National research center ***Biochemical genetic unit
Ainshams University #Genetic unit pediatric dep.
Speaker Lobna Mansour
Abstract
Objective: highlight clinical, neuroimaging of macrocephaly their biochemical and molecular workup for early diagnosis and management
Methods Ninety cases with macrocephaly excluding hydrocephalus( 6 months -10years) subjected to MRI , urine organic acid and TMS/MS(59) ,abdominal US (23 ),hexoseaminidase A,B (20 ),Arylsulfatase (14),b galactosidase (4) , VLCFA (7),skeletal survey (8), MRS(9) and molecular diagnosis Canavan (6), GM1(1) and prenatal D(3).

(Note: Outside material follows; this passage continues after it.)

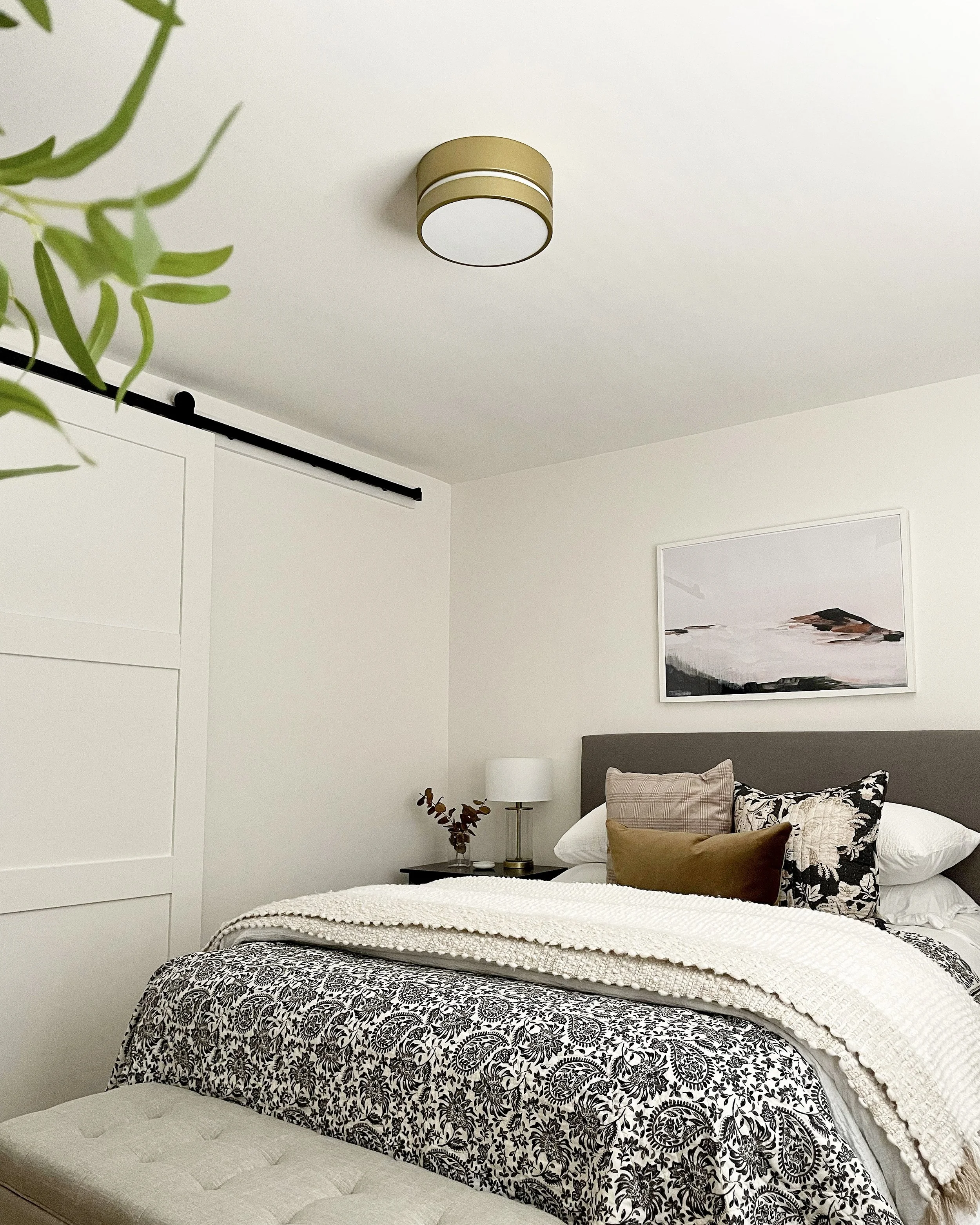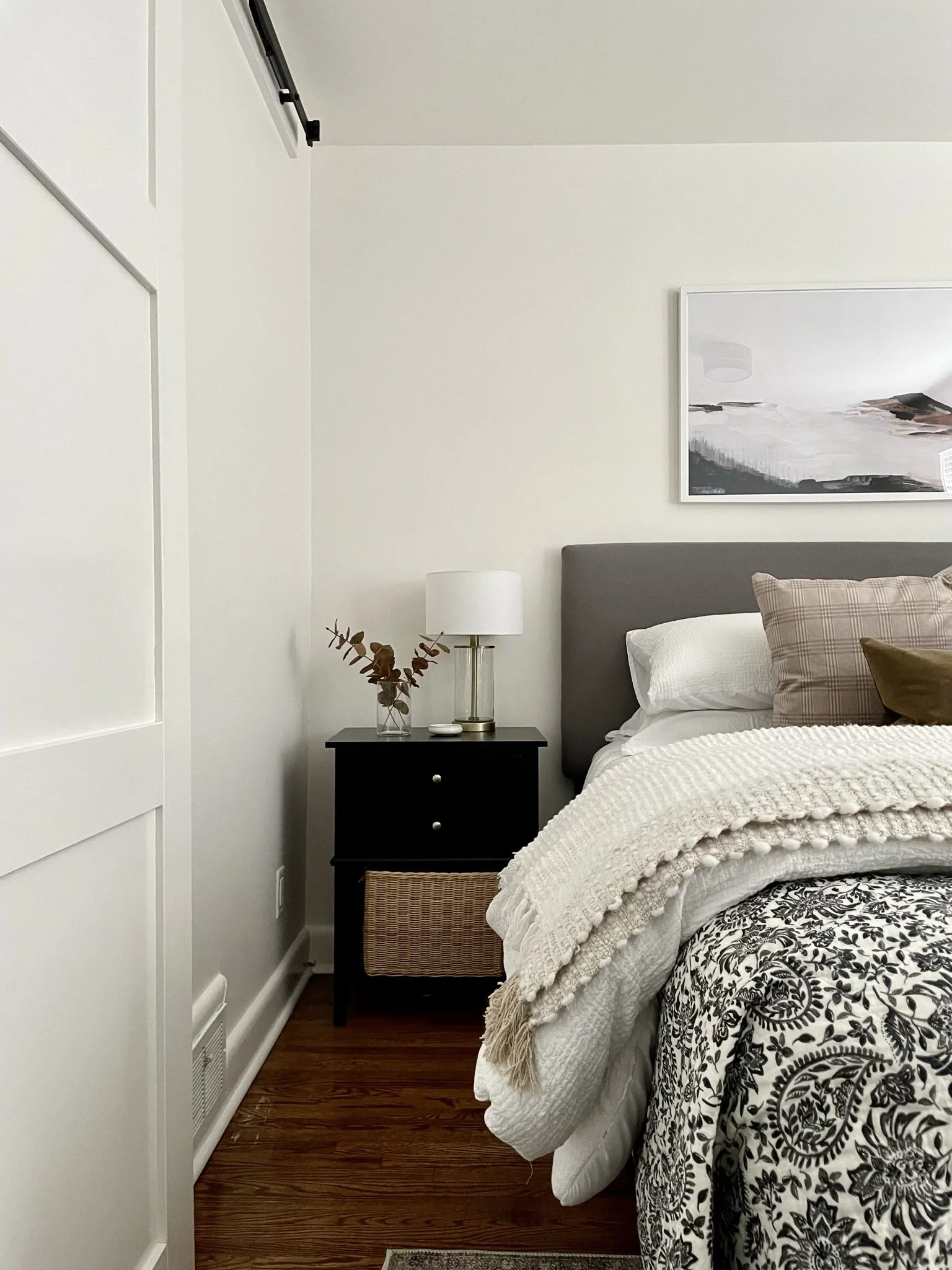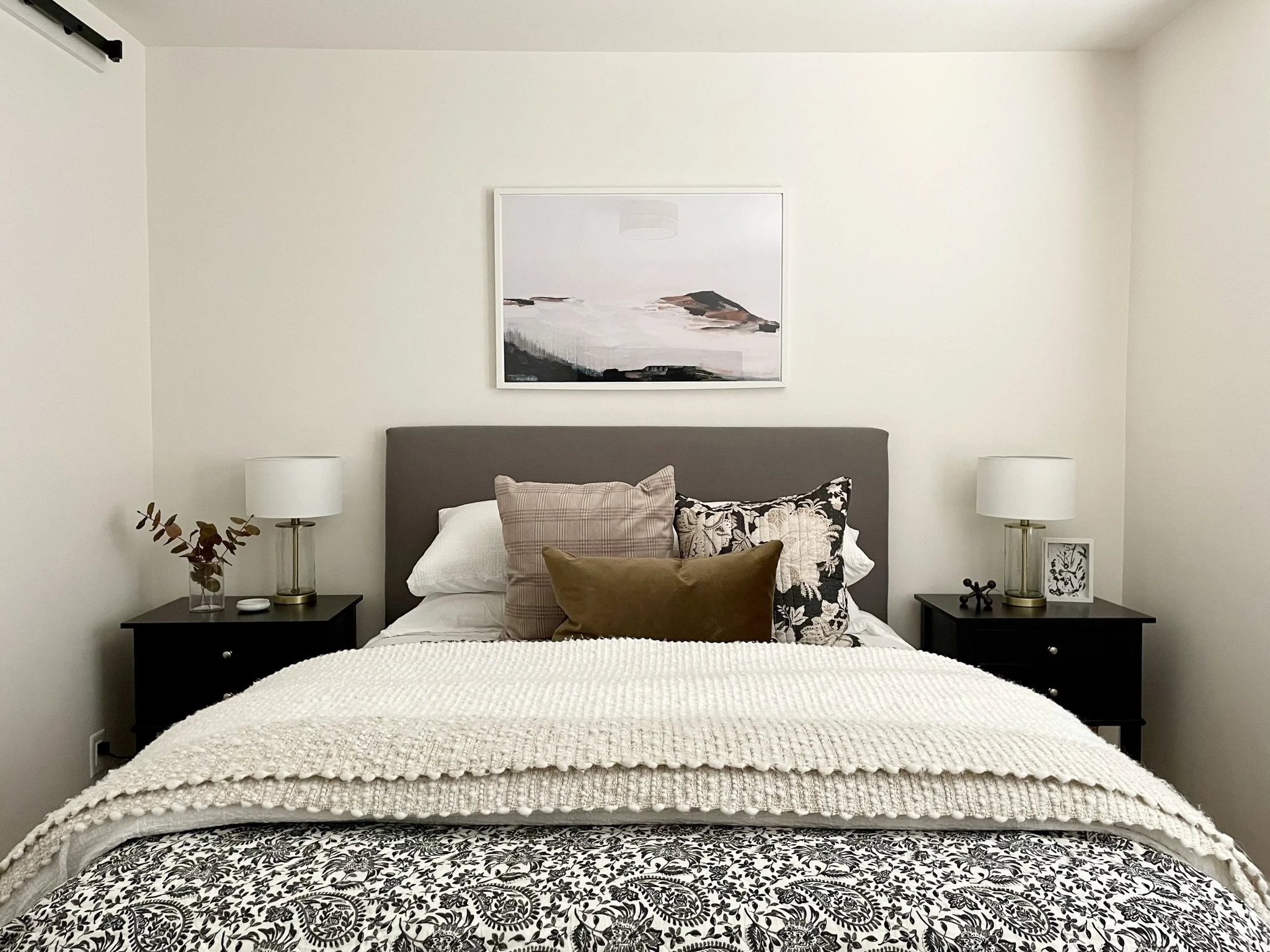 A once dark and outdated master bedroom transformed into a bright, organic retreat. By layering various textures, fabrics, and mixing prints, we achieved a soft, neutral, yet visually engaging design.

Results :Canavan (20 ), Gangliosidosis( 20 :
TaySach 15 ,Sandhoff :1 , GM1: 4 ) , Vanishing white matter ( 3) , Zellweger S( 7) with dysmorphic features, hypotonia , defective vision . Glutaric aciduria 1 (15) : with episodic or progressive deterioration .Megalencephalic leukoencephalopathy with subcortical cysts (6 ) : milder clinically .Benign subdural effusion( 5),benign familial macrocephaly &Trenaunay Weber( 2 each) and malformations of cortical development (3 ),Jubert S(3). Possibile Alexander (4)Molecular diagnosis confirmed Canavan ( 6 ) GM1 (1) , prenatal diagnosis :normal fetus one ,affected two.
Conclusion: Gangliosidosis and Canavan were the commonest with steady deterioration, followed by glutaric aciduria 1 .MRI is helpful in Leukodystrophy, MCD .Enyme activity for gangliosidosis urine organic acid for Canavan and Glutaric aciduria 1 and screening of siblings..Molecular diagnosis for confirmation prenatal diagnosis.